TASK GOAL :: In the entries that follow, the first line to write out is the one containing "Notre projet du", and the last is the one containing "Art Scale Kit". Reproduce that stretch exactly, with nothing before or after it.
*** TASK DATA Section Begins ***
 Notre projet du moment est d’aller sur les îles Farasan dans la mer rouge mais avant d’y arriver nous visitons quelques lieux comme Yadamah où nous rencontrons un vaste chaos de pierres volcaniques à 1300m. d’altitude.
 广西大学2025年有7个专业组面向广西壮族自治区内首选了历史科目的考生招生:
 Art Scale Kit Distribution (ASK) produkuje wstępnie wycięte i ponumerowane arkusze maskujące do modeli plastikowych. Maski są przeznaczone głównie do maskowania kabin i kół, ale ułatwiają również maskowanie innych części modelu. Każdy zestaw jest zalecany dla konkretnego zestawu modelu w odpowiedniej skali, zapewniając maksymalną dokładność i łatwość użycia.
*** TASK DATA Section Ends ***
*** TASK DATA Section Begins ***
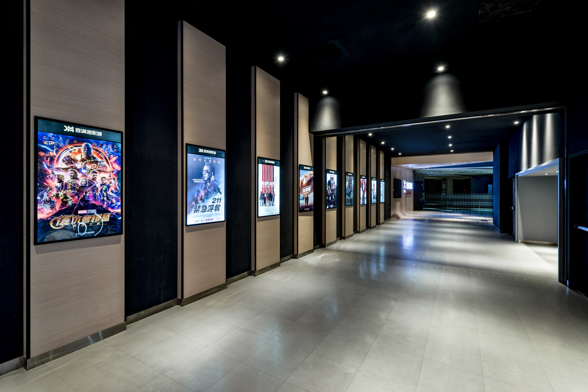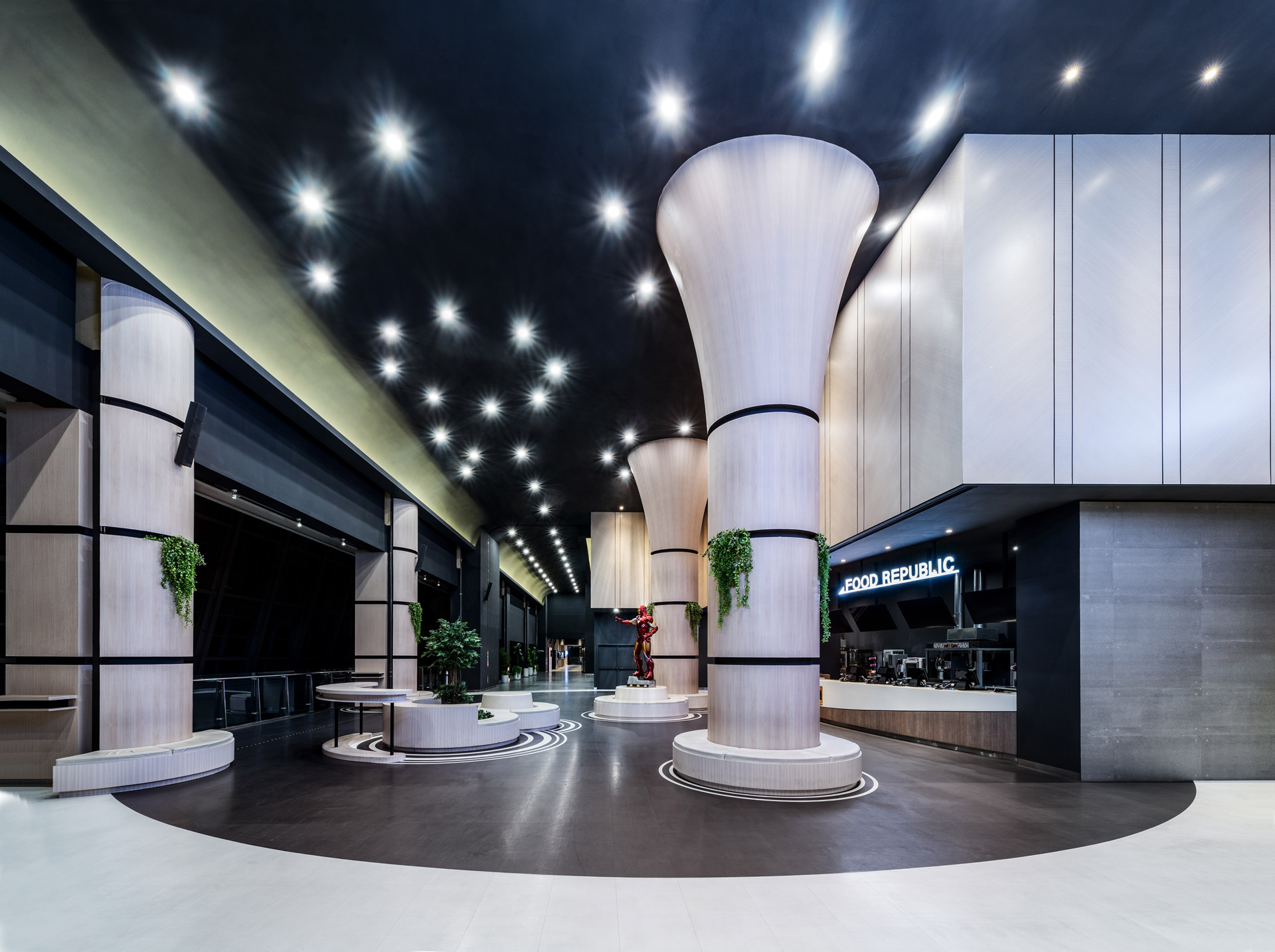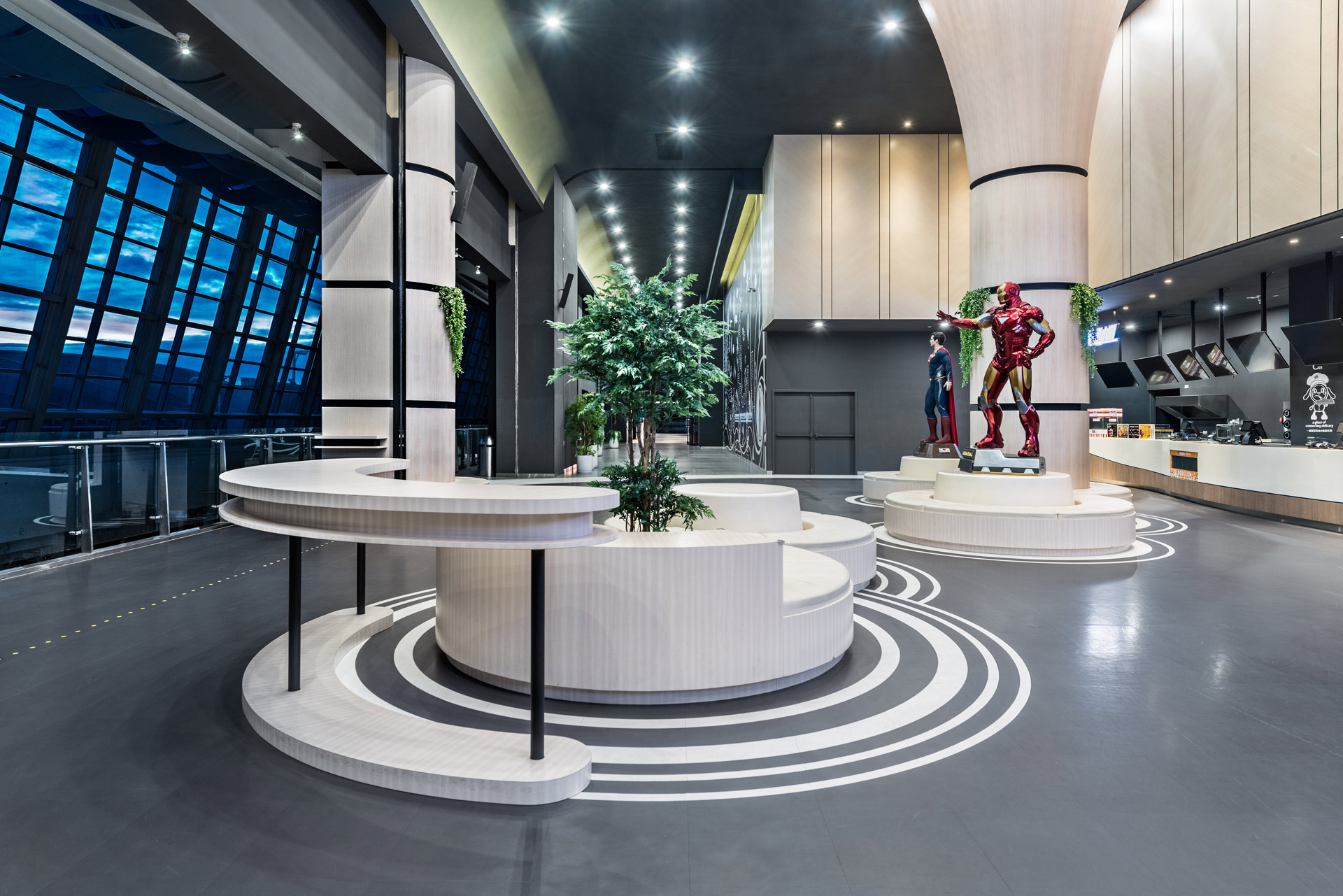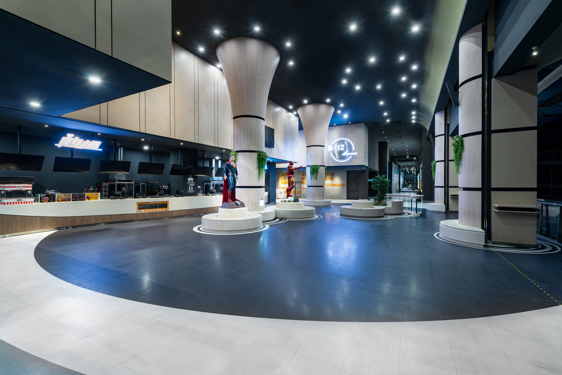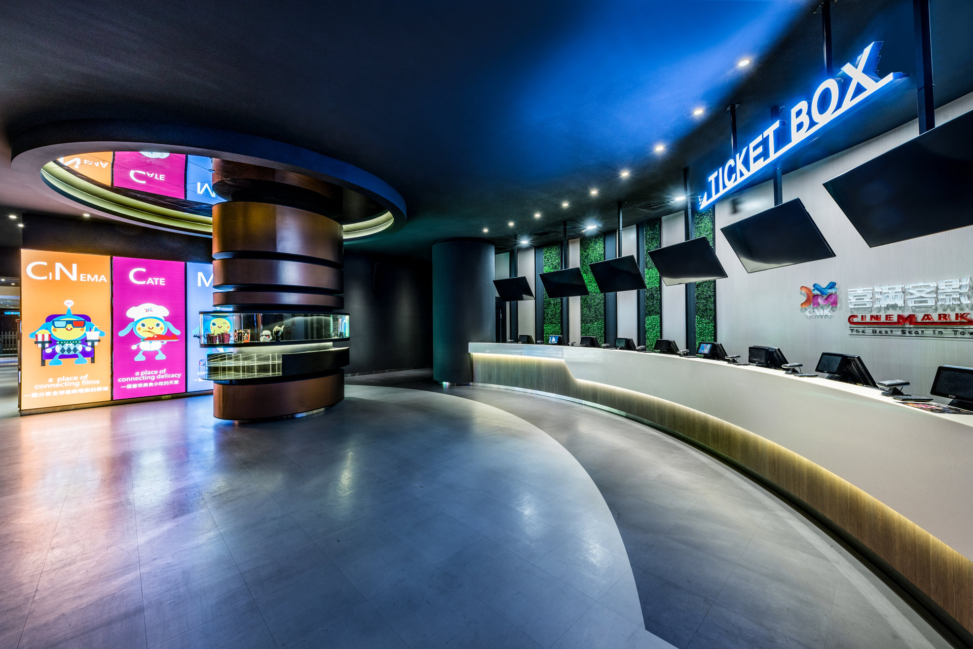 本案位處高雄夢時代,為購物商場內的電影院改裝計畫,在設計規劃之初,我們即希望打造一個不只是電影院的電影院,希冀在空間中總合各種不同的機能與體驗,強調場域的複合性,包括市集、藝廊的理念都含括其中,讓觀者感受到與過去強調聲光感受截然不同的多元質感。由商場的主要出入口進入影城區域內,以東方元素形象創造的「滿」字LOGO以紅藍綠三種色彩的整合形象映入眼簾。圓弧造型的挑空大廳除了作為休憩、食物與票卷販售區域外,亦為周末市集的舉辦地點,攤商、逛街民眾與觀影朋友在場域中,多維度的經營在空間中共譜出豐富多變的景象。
*** TASK DATA Section Ends ***
TASK RESULT ::
 Notre projet du moment est d’aller sur les îles Farasan dans la mer rouge mais avant d’y arriver nous visitons quelques lieux comme Yadamah où nous rencontrons un vaste chaos de pierres volcaniques à 1300m. d’altitude.
 广西大学2025年有7个专业组面向广西壮族自治区内首选了历史科目的考生招生:
 Art Scale Kit Distribution (ASK) produkuje wstępnie wycięte i ponumerowane arkusze maskujące do modeli plastikowych. Maski są przeznaczone głównie do maskowania kabin i kół, ale ułatwiają również maskowanie innych części modelu. Każdy zestaw jest zalecany dla konkretnego zestawu modelu w odpowiedniej skali, zapewniając maksymalną dokładność i łatwość użycia.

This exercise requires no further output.